Sports. Honestly. Since 2011

FISH On Sports: Thrilling Games, Close Races and Training Camps

It feels good to be back.  Here’s what everybody is talking about from this past week in the world of sports:

 

WEEK 1 THRILLS AND SPILLS

It was a whirlwind first week of NFL action. Peyton Manning tied a league record, Buffalo nearly beat New England, and Rex Ryan lost $100,000 taking the Buccaneers over the Jets.

Seriously, you’ve got to hand it to Tampa Bay. It takes a lot of guts to snatch defeat from the jaws of victory.

Elsewhere in Week 1, the Giants committed six turnovers in their loss to the Cowboys. I haven’t seen so many giveaways since that Aaron Hernandez memorabilia sale.

Speaking of the Giants, some seats for this weekend’s “Manning Bowl” are valued at over $6,000. I mean, we’re talking prices that are higher than Eminem doing an ESPN interview.

Meanwhile, Ndamukong Suh was fined $100,000 for a low block against Vikings center John Sullivan. Suh’s agent says the fine is more excessive than Miguel Cabrera’s snack table in the Tigers dugout.

The saddest thing about the Lions is that their playoff chances are a lot like a male porn star’s career: they depend on keeping their star Johnson healthy.

 

PUCKERS UNITE!

NHL training camps start this week. Maple Leafs players are feeling pressure from their fans to get past the first round before having a Game 7 meltdown this year.

The Montreal Canadiens are exciting about the new-found grit that they added in the offseason. Team doctors are saying that George Parros’ mustache added 10 pounds of muscle during the offseason.

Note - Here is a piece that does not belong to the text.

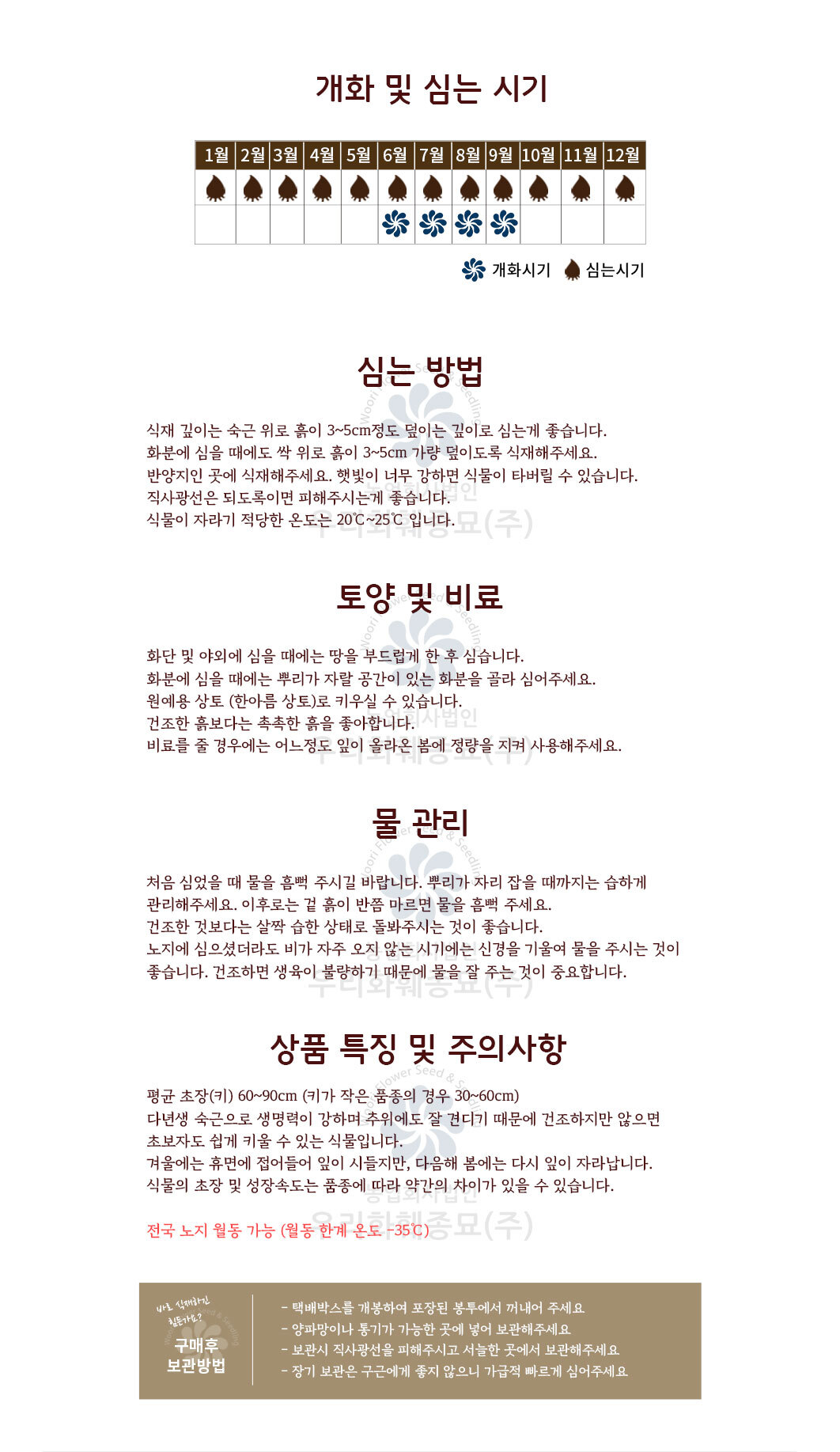 - 상품 교환 및 문의: 카카오톡에 우리화훼종묘를 검색하여 문의 혹은 게시판 1:1 이용

In Vancouver, John Tortorella says he will avoid making disparaging comments to local sports writers. Sources say he’s asking his defensemen to block any shots coming from his larynx.

Carolina defenseman Joni Pitkanen is out for the year with a broken bone in his foot. Experts have already downgraded the Hurricanes to a Category 1 storm.

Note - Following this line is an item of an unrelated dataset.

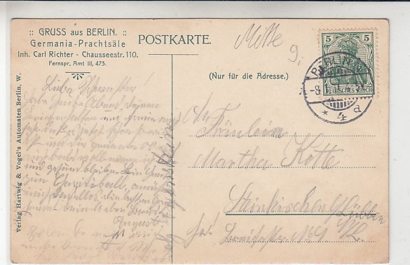 Berlin Mitte Koppenstraße Paul Obigol Konzertsäle 1914

Former Flyers goalie Ilya Bryzgalov has been given an invitation to the Panthers’ training camp. He’s still deciding, but some believe that he’ll accept reasoning that, in Florida, at least no one will be at the games to see him let in bad goals.

Some pundits are calling for the Chicago Blackhawks to change their team’s name because of its “racial insensitivity”. Maybe it’s just me, but the Chicago African-American Hawks sounds like a bit of a mouthful.

 

PLAY THERE AGAIN, SAM

The Toronto Blue Jays will play exhibition games in Montreal next summer. Shows you that the league is doing what it can to give a mediocre team back to former Expos fans.

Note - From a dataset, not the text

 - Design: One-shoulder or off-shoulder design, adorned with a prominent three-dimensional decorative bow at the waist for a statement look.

In other baseball news, the Pittsburgh Pirates have clinched their first winning season in twenty years. It was so long ago, Roger Clemens says Andy Pettitte can’t even misremember that far back.

Seriously, the last time the Pirates made the playoffs, Barry Bonds wasn’t renting out his head as a Mardi Gras float yet.

The Yankees luxury tax bill is $29 million this year. After seeing this, Brian Cashman tried to dump some salary by trading Alex Rodriguez for Syria’s chemical weapons. al-Assad turned him down, saying A-Rod’s baggage was too much to consider.

 

AN AMERICAN ROMP TO HAVING TO DO WITH SYRIA

The United States has officially qualified for next year’s World Cup after beating Mexico 2-0 this week. Mexico is blaming the loss on an American-Mexican tradition – take pre-game takeout from Taco Bell.

In other soccer news, Russia’s controversial “anti-gay” laws have put their bid to host the 2018 World Cup in jeopardy. Sources say FIFA doesn’t want to host the tournament in a country where players are not free to take multiple balls to the face.

 

MAMBA ON THE MEND

Kobe Bryant is ahead of schedule recovering from his Achilles injury. You can tell he’s getting back to normal – this morning he refused to pass a toy ball to his kids.

 

AND FINALLY …

In minor Canadian sports news, a former defensive end from Quebec’s Bishop’s University is suing the school because his coach allegedly kept him in the game with a severe head injury. I think he’s overacting. I mean, it’s not impossible to perform if there’s something wrong with your head – just ask Miley Cyrus.